By Madhu Unnikrishnan
AviationWeek.com
A passenger on a flight notices his reading lamp is broken, so,
using his mobile device, he complains on Twitter. Within minutes, the
airline’s ground staff has dispatched a flight attendant to fix the
problem and has alerted maintenance at the destination airport.
Corporate communications has passed the Tweet onto the customer service
department, which contacts the passenger to apologize for the
inconvenience.
This scenario is not science
fiction. It, or one similar to it, happens every day in airline cabins
as tech-savvy passengers use social media tools to disperse information
among their networks. Are airlines ready for this new world?
Although
most of the industry is engaged online to some extent, there remains a
lingering notion among a number of legacy airlines that social media
is, to quote one senior executive, “just a silly fad.” Perceptions like
these are reinforced by the fact that social media has yet to make a
measurable impact on the bottom line of any carriers. But airlines such
as JetBlue Airways and Virgin America are betting that their
investments of time and resources in social media will pay off in the
not-too-distant future.
While social media
continues to evolve and the tools used to reach an engaged online
community may change, the paradigm shift in customer habits is here to
stay, say media analysts and airlines that have bought into the
concept. “Shame on those airlines who think they can ignore this and
that it will go away,” says Henry Harteveldt, a travel industry analyst
with Forrester Research.
JetBlue has more than 1.4
million followers on Twitter, the micro-blogging site that allows users
to update their networks in 140-character posts, called “Tweets.” That
is more than any other airline, and among the higher number of
followers of any corporation. JetBlue’s attention to social media
requires significant resources. A team of six in the corporate
communications department monitors the feed until the last passenger
has left the last airport each day, says Morgan Johnston, manager of
corporate communications.
JetBlue cannot point to a
direct financial benefit from its social media, but company managers
see a payoff in two areas that ultimately impact profits, customer
satisfaction and brand loyalty. “The utility is not what it does to the
bottom line but how it works as a marketing tool,” says Marty St.
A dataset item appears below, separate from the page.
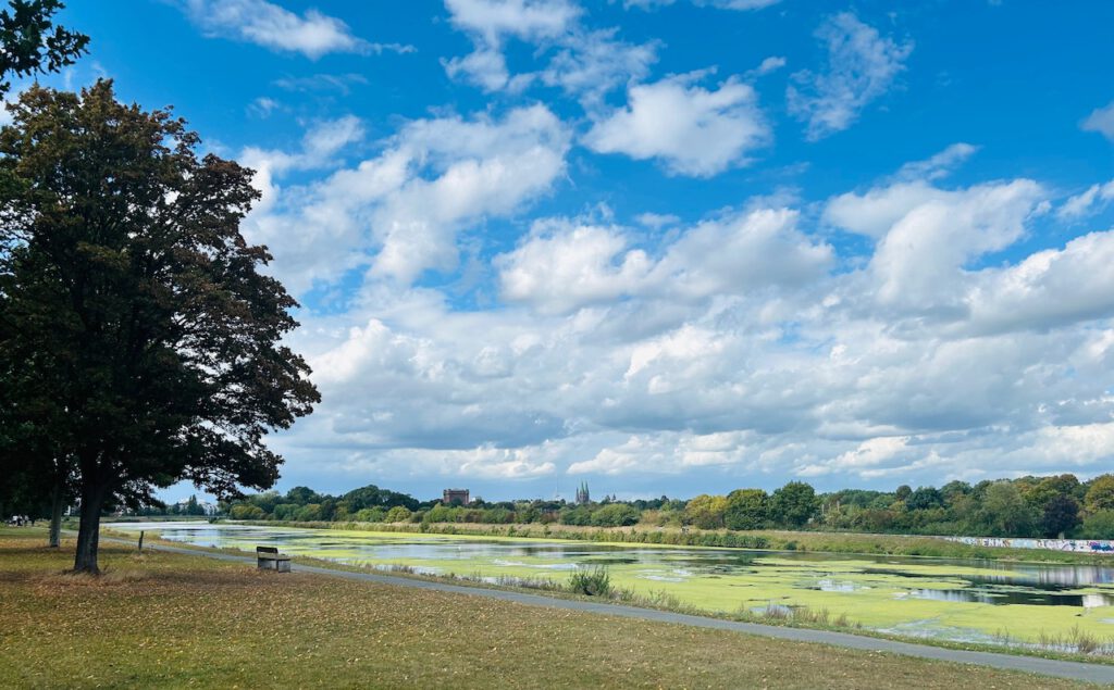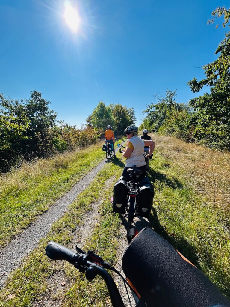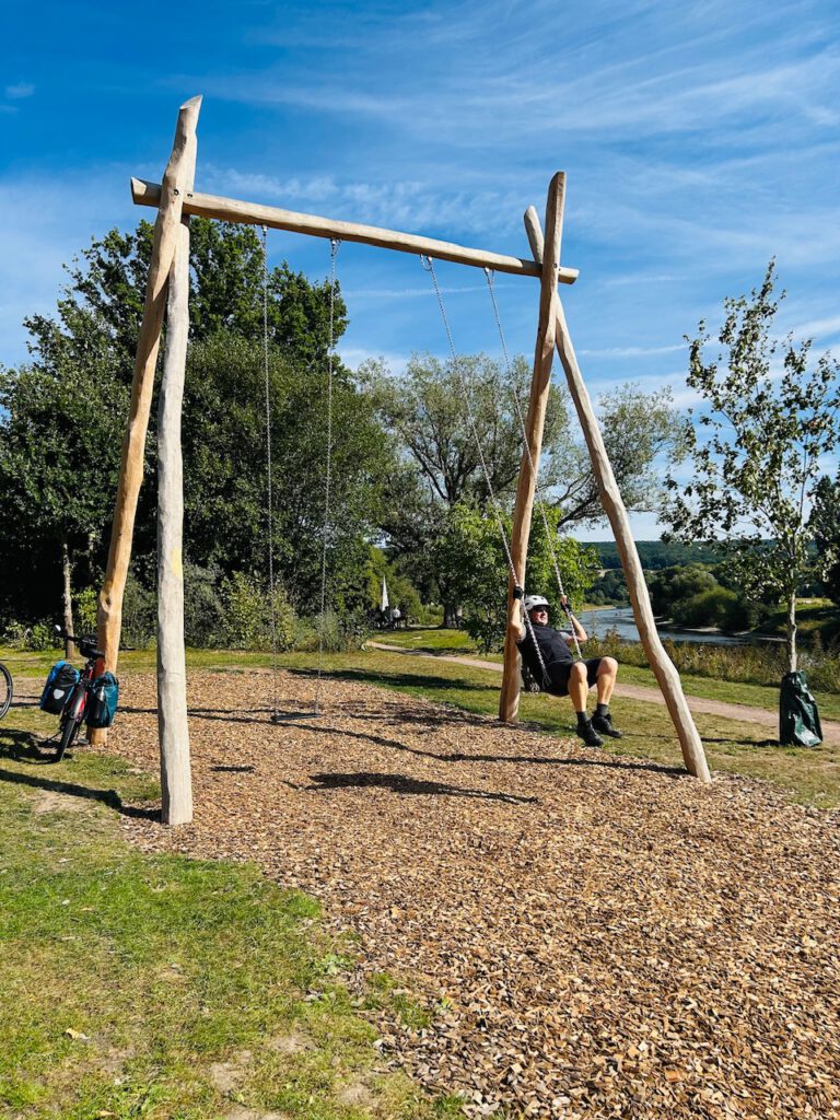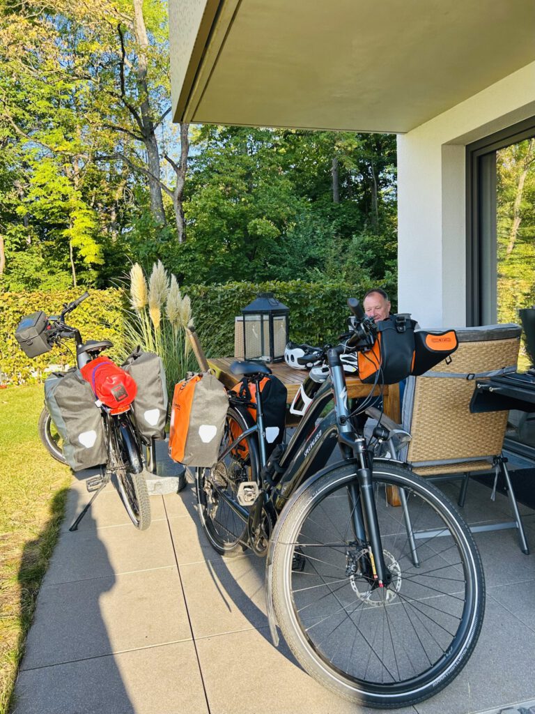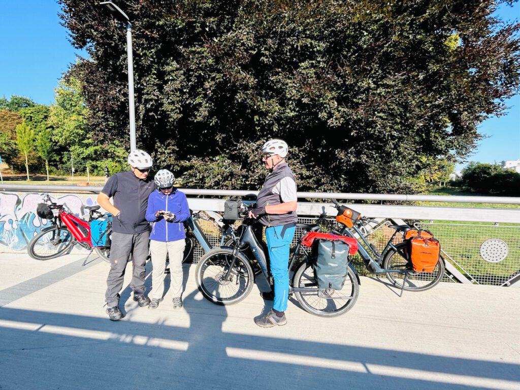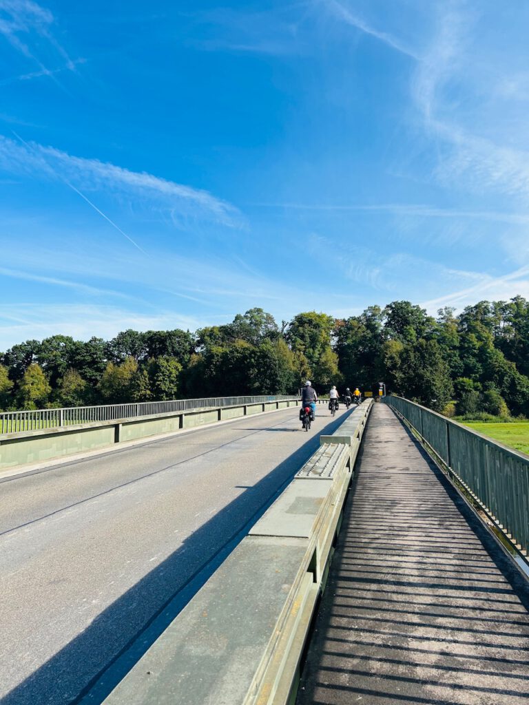 Bei strahlenden Sonnenschein waren wir früh wach, packten die Räder voll und hatten noch genügend Zeit für einen Kaffee auf der Terrasse, bevor wir zum ersten Treffpunkt an der Brücke über die Leine starteten, wo wir mit Andreas und Angelika verabredet waren. Die ersten Meter auf dem vollgepacktem Rad fühlten sich sehr ungewohnt und wackelig an, doch auf den hervorragenden Radwegen kamen wir gut und früher als geplant an.

George, senior vice president of marketing and commercial strategy.
“Real-time customer feedback is a gift.”
The
airline’s vast Twitter following and its growing presence on Facebook
serve as excellent market research, says St. George. JetBlue focuses
its energy online to listening to what its customers are saying about
the company, and, when appropriate, steps in to resolve
customer-service issues. Responding to demand, it also has set up a
second Twitter feed to promote fare sales.
But
succeeding in social media requires allowing customer control of the
message, at least to a certain degree. While that is difficult for most
companies, it should not be an excuse to ignore social media, says
Harteveldt. “Guess what—your brand is being discussed online anyway,”
he argues. Bad messages now have the ability to go viral to thousands,
even millions, of people in cyberspace.
A case in
point is a video posted to YouTube by musician Dave Carroll about his
eight-month struggle to get compensation from United Airlines for a
damaged guitar. The battle turned into a public relations nightmare for
the carrier, as the video of Carroll’s song, “United Breaks Guitars,”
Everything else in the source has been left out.